2013-09-16 11:39:17

by Daniel Mack

[permalink] [raw]
Subject: [PATCH] mwifiex: fix command timeout with SDIO interrupts enabled

We've been hunting a command timeout issue in the mwifiex driver which
occurs on an AM33xx platform when Andreas Fenkart's omap_hsmmc SDIO IRQ
patches are applied (they are not yet in the mainline kernel). We first
suspected the mmc host driver to be racy, but that wasn't the case.

I dug a little through the changes between 3.7 and 3.10 on the mwifiex
driver, and it turned out that the culprit is 601216e12 ("mwifiex:
process RX packets in SDIO IRQ thread directly"), especially the
situation where mwifiex_main_process() bails when mwifiex_processing is
set.

In other words: if an SDIO irq arrives while the driver is processing
mwifiex_main_process() from the work queue, we effectively loose the
interrupt, which then results in a command timeout.

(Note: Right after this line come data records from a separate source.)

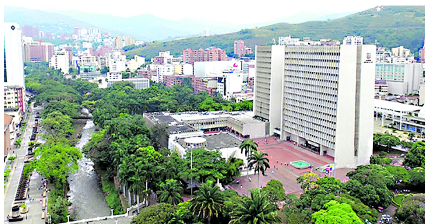
El gobierno de Cali convocó a la renovación del Consejo Municipal de Planeación.

Territorial de Planeación serán seleccionados y designados por el primer mandatario de las ternas de las organizaciones jurídicamente reconocidas de los diferentes sectores, conforme a los requisitos del Acuerdo Municipal 01 de 1995.
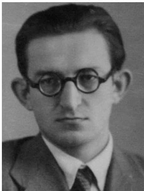
Студент. Кон. 1940-х - нач. 1950-х годов

Мне и нескольким моим товарищам повезло: нас рекомендовали в так называемую Педагогическую аспирантуру при институте истории Академии Наук СССР. Осенью 1949 г. я с друзьями прибыл в Москву. Не подумавши серьезно, я решил заняться проблемами истории Англии и стал членом сектора Новейшей истории. Все приемные экзамены я сдал на 5 и 4.
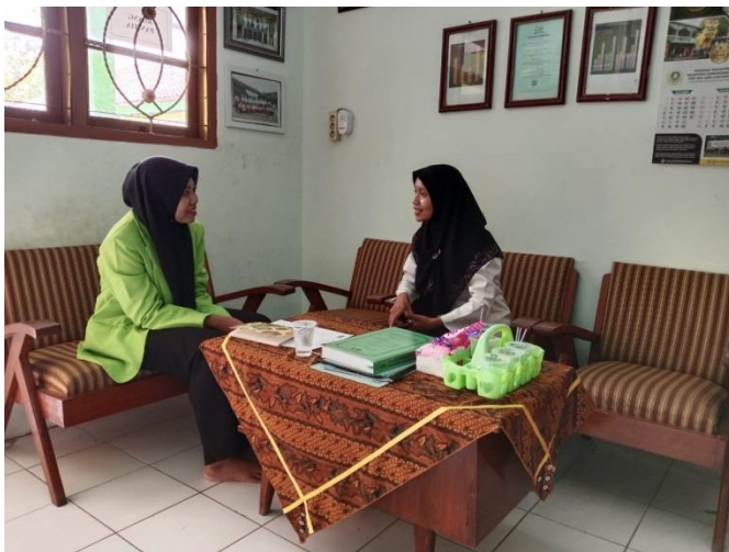
Gambar: Wawancara dengan guru di MI NU 13 Gebanganom Wetan

I've written a little test case scenario that calls
mwifiex_dump_station_info() through the SIOCGIWSTATS ioctl excessively,
and that reproduces the problem after a couple of seconds already:

https://gist.github.com/zonque/6579314


The fix for this issue is quite simple and works very well.


Thanks,
Daniel


Daniel Mack (1):
mwifiex: queue main work from main process when bailing on races

drivers/net/wireless/mwifiex/main.c | 1 +
1 file changed, 1 insertion(+)

--
1.8.3.1



2013-09-16 11:39:17

by Daniel Mack

[permalink] [raw]
Subject: [PATCH 1/1] mwifiex: queue main work from main process when bailing on races

Queue main_work in case mwifiex_main_process() bails due to an already
processed transaction. This is particularly necessary because
mwifiex_main_process() is called from both the SDIO interrupt handler
and the workqueue. In case an interrupt occurs while the main process
is currently executed from the workqueue, the interrupt is lost,
resulting in a command timeout and consequently a card reset.

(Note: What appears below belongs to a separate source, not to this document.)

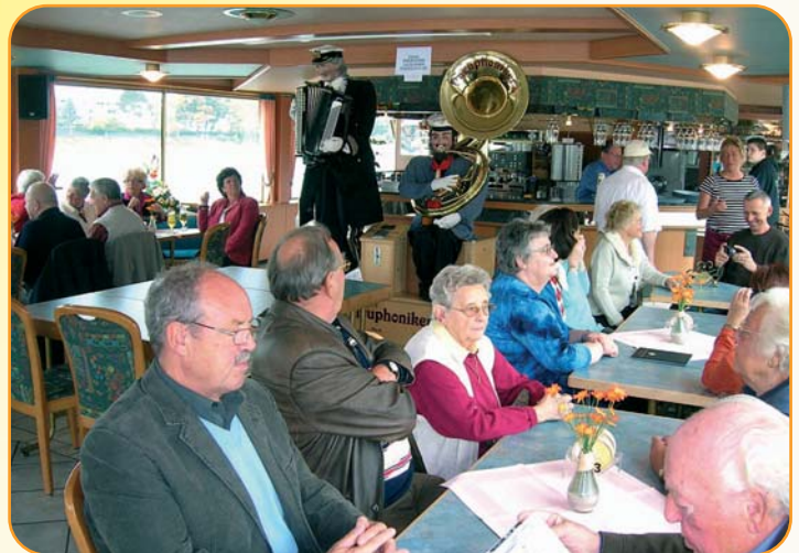
Eine Zwei-Mann-Kapelle aus lebensgroßen Figuren unterhielt die Mieter im Schiffssalon mit maritimen Weisen.

in seinen Räumlichkeiten begeisterte. Nach dem Mittagessen bestiegen einige bestens gestärkt zu Fuß den Drachenfels; die meisten wählten jedoch die bequemere Fahrt mit der berühmten Zahnradbahn zum Berggipfel. Dafür musste eigens ein Zusatzwagen für die vielen Besucher angekoppelt werden, denn der September gilt im Touristenort Königswinter eigentlich schon als Nebensaison, wie Kundenbetreuerin Bernhardine Franzen berichtet, die die Gruppe begleitete. Für die Mieter sollte das jedoch nicht von Nachteil sein. Im Gegenteil: Die

I'm marking this for stable kernel in version 3.7+, because on our
platform, the issue appears since 601216e12c ("mwifiex: process RX
packets in SDIO IRQ thread directly") went in.

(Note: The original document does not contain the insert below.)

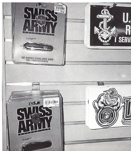
Im Warenhaus Marine Corps Exchange entdeckt... No comment.

Über Nacht hatte sich das Wetter unter dem Einfluss des gerade in Florida tobenden Hurricans Opal verschlechtert. Nach der Begrüssung in der Naval-Base und einem ersten Vortrag konnten wir das Versorgungsschiff USS «Arctic» besichtigen. Von aussen sieht so ein Schiff aus wie ein schlafender Riese. Innen wimmelt es wie in einem Ameisenhaufen. Man musste gut aufpassen, dass man sich treppauf und treppab in den vielen Gängen nicht verlor. Endlich konnten wir Briefmarken kaufen, am Schalter der Feldpost im Schiff! Das Schiff kann sehr viele Güter laden, dazu kommt noch die ganze Versorgung und Infrastruktur der Besatzung. An Bord ist vom Coiffeur bis zur Zahnarztpraxis alles für die Leute vorhanden. Da gibt es keine faulen Ausreden, man sei auf See und habe nicht zum Figaro gekonnt. Der Haarschnitt hat perfekt zu sein, basta. Wir kamen mit den Angehörigen der Navy rasch ins Gespräch, und wir konnten

Signed-off-by: Daniel Mack <[email protected]>
Reported-by: Sven Neumann <[email protected]>
Reported-by: Andreas Fenkart <[email protected]>
Cc: Bing Zhao <[email protected]>
Cc: <[email protected]> [v3.7+]
---
drivers/net/wireless/mwifiex/main.c | 1 +
1 file changed, 1 insertion(+)

diff --git a/drivers/net/wireless/mwifiex/main.c b/drivers/net/wireless/mwifiex/main.c
index ff4ed96..0700bc2 100644
--- a/drivers/net/wireless/mwifiex/main.c
+++ b/drivers/net/wireless/mwifiex/main.c
@@ -235,6 +235,7 @@ int mwifiex_main_process(struct mwifiex_adapter *adapter)
/* Check if already processing */
if (adapter->mwifiex_processing) {
spin_unlock_irqrestore(&adapter->main_proc_lock, flags);
+ queue_work(adapter->workqueue, &adapter->main_work);
goto exit_main_proc;
} else {
adapter->mwifiex_processing = true;
--
1.8.3.1


2013-09-16 21:15:00

by Bing Zhao

[permalink] [raw]
Subject: RE: [PATCH 1/1] mwifiex: queue main work from main process when bailing on races

Hi Daniel,

Thanks for the patch.

> Queue main_work in case mwifiex_main_process() bails due to an already
> processed transaction. This is particularly necessary because
> mwifiex_main_process() is called from both the SDIO interrupt handler
> and the workqueue. In case an interrupt occurs while the main process
> is currently executed from the workqueue, the interrupt is lost,
> resulting in a command timeout and consequently a card reset.
>
> I'm marking this for stable kernel in version 3.7+, because on our
> platform, the issue appears since 601216e12c ("mwifiex: process RX
> packets in SDIO IRQ thread directly") went in.
>
> Signed-off-by: Daniel Mack <[email protected]>
> Reported-by: Sven Neumann <[email protected]>
> Reported-by: Andreas Fenkart <[email protected]>
> Cc: Bing Zhao <[email protected]>
> Cc: <[email protected]> [v3.7+]
> ---
> drivers/net/wireless/mwifiex/main.c | 1 +
> 1 file changed, 1 insertion(+)
>
> diff --git a/drivers/net/wireless/mwifiex/main.c b/drivers/net/wireless/mwifiex/main.c
> index ff4ed96..0700bc2 100644
> --- a/drivers/net/wireless/mwifiex/main.c
> +++ b/drivers/net/wireless/mwifiex/main.c
> @@ -235,6 +235,7 @@ int mwifiex_main_process(struct mwifiex_adapter *adapter)
> /* Check if already processing */
> if (adapter->mwifiex_processing) {
> spin_unlock_irqrestore(&adapter->main_proc_lock, flags);
> + queue_work(adapter->workqueue, &adapter->main_work);

This is specific to SDIO interface, so we'd add a check here.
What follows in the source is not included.